- [Your objective]:
Write out each line below precisely, passing over the pictures.

---------- Information provided ----------

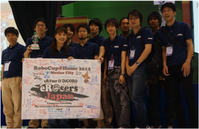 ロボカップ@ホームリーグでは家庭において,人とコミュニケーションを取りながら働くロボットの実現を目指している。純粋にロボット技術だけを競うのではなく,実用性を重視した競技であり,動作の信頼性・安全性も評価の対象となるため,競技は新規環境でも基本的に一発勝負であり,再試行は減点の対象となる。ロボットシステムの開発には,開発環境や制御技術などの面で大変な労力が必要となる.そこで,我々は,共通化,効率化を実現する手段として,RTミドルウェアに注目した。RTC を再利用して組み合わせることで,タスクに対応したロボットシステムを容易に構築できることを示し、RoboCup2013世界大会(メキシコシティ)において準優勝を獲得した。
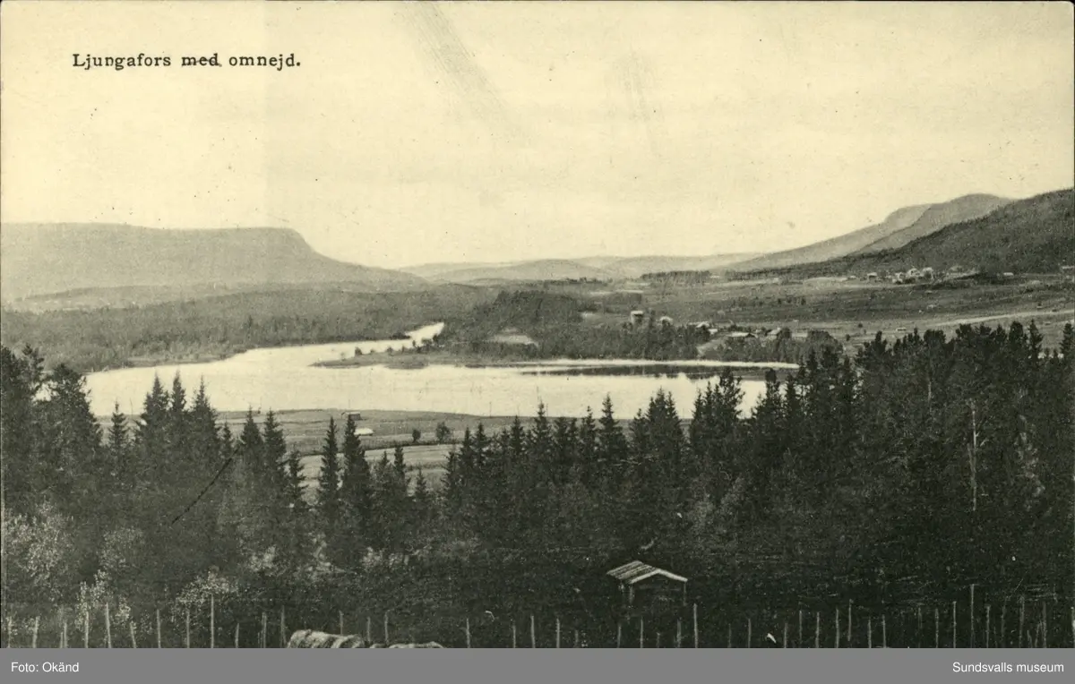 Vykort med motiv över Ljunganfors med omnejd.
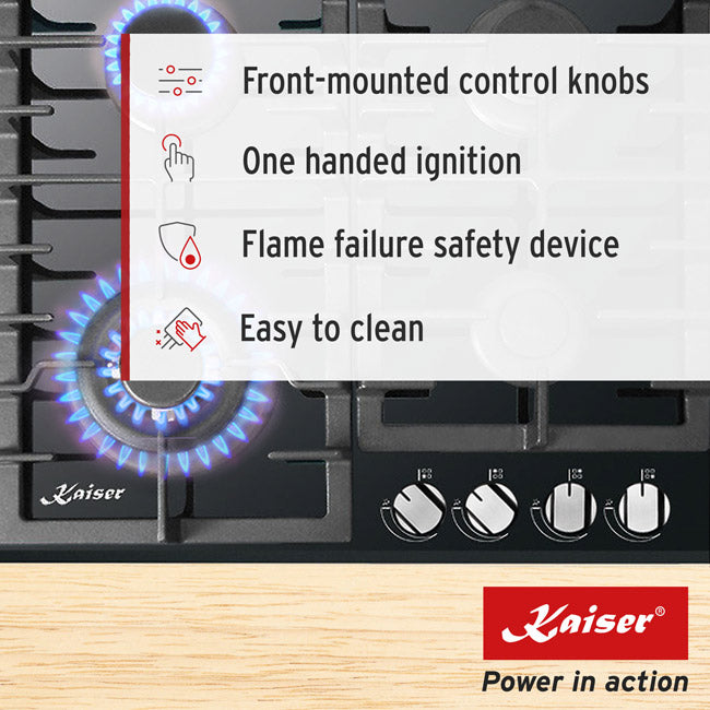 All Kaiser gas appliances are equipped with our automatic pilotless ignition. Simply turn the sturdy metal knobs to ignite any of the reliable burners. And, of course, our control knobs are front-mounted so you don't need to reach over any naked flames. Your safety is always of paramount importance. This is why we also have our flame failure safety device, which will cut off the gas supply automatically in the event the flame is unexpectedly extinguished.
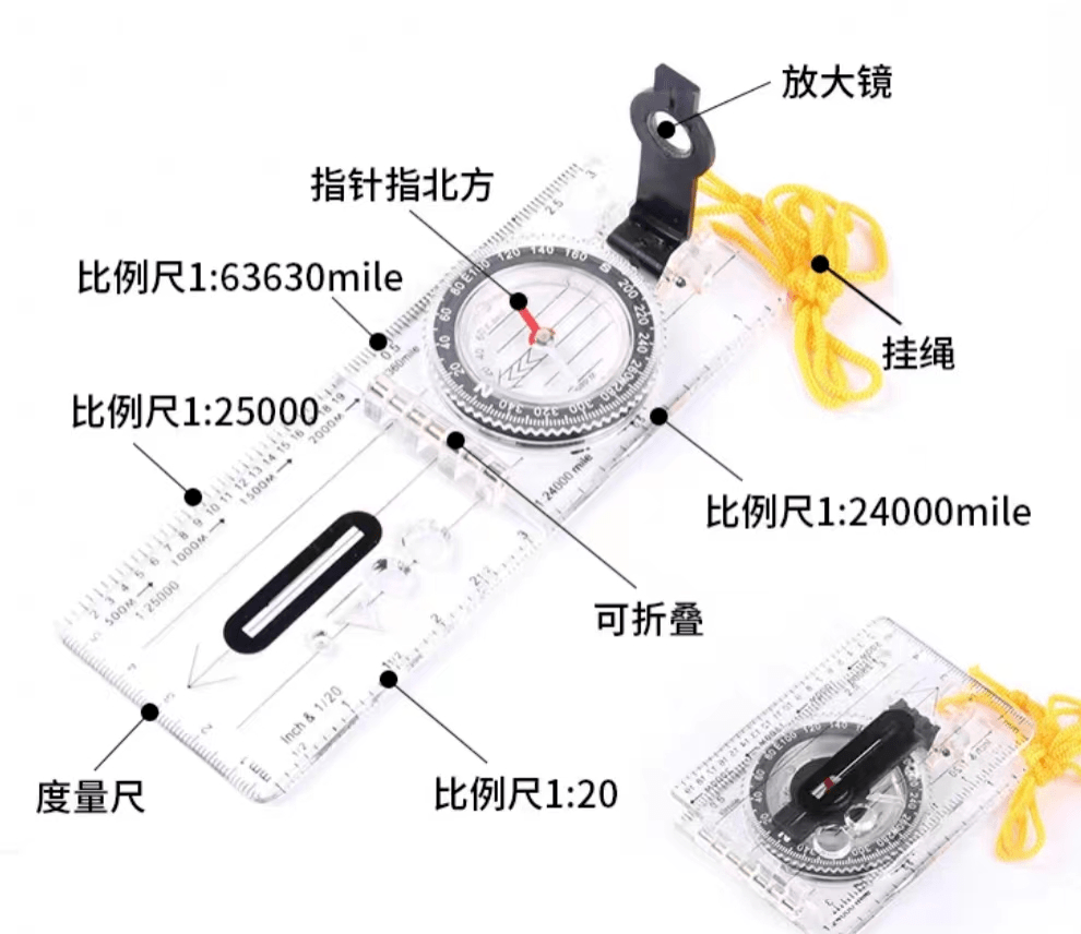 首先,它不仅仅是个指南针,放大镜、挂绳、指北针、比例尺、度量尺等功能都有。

----------

- [Your solution]:
 ロボカップ@ホームリーグでは家庭において,人とコミュニケーションを取りながら働くロボットの実現を目指している。純粋にロボット技術だけを競うのではなく,実用性を重視した競技であり,動作の信頼性・安全性も評価の対象となるため,競技は新規環境でも基本的に一発勝負であり,再試行は減点の対象となる。ロボットシステムの開発には,開発環境や制御技術などの面で大変な労力が必要となる.そこで,我々は,共通化,効率化を実現する手段として,RTミドルウェアに注目した。RTC を再利用して組み合わせることで,タスクに対応したロボットシステムを容易に構築できることを示し、RoboCup2013世界大会(メキシコシティ)において準優勝を獲得した。
 Vykort med motiv över Ljunganfors med omnejd.
 All Kaiser gas appliances are equipped with our automatic pilotless ignition. Simply turn the sturdy metal knobs to ignite any of the reliable burners. And, of course, our control knobs are front-mounted so you don't need to reach over any naked flames. Your safety is always of paramount importance. This is why we also have our flame failure safety device, which will cut off the gas supply automatically in the event the flame is unexpectedly extinguished.
 首先,它不仅仅是个指南针,放大镜、挂绳、指北针、比例尺、度量尺等功能都有。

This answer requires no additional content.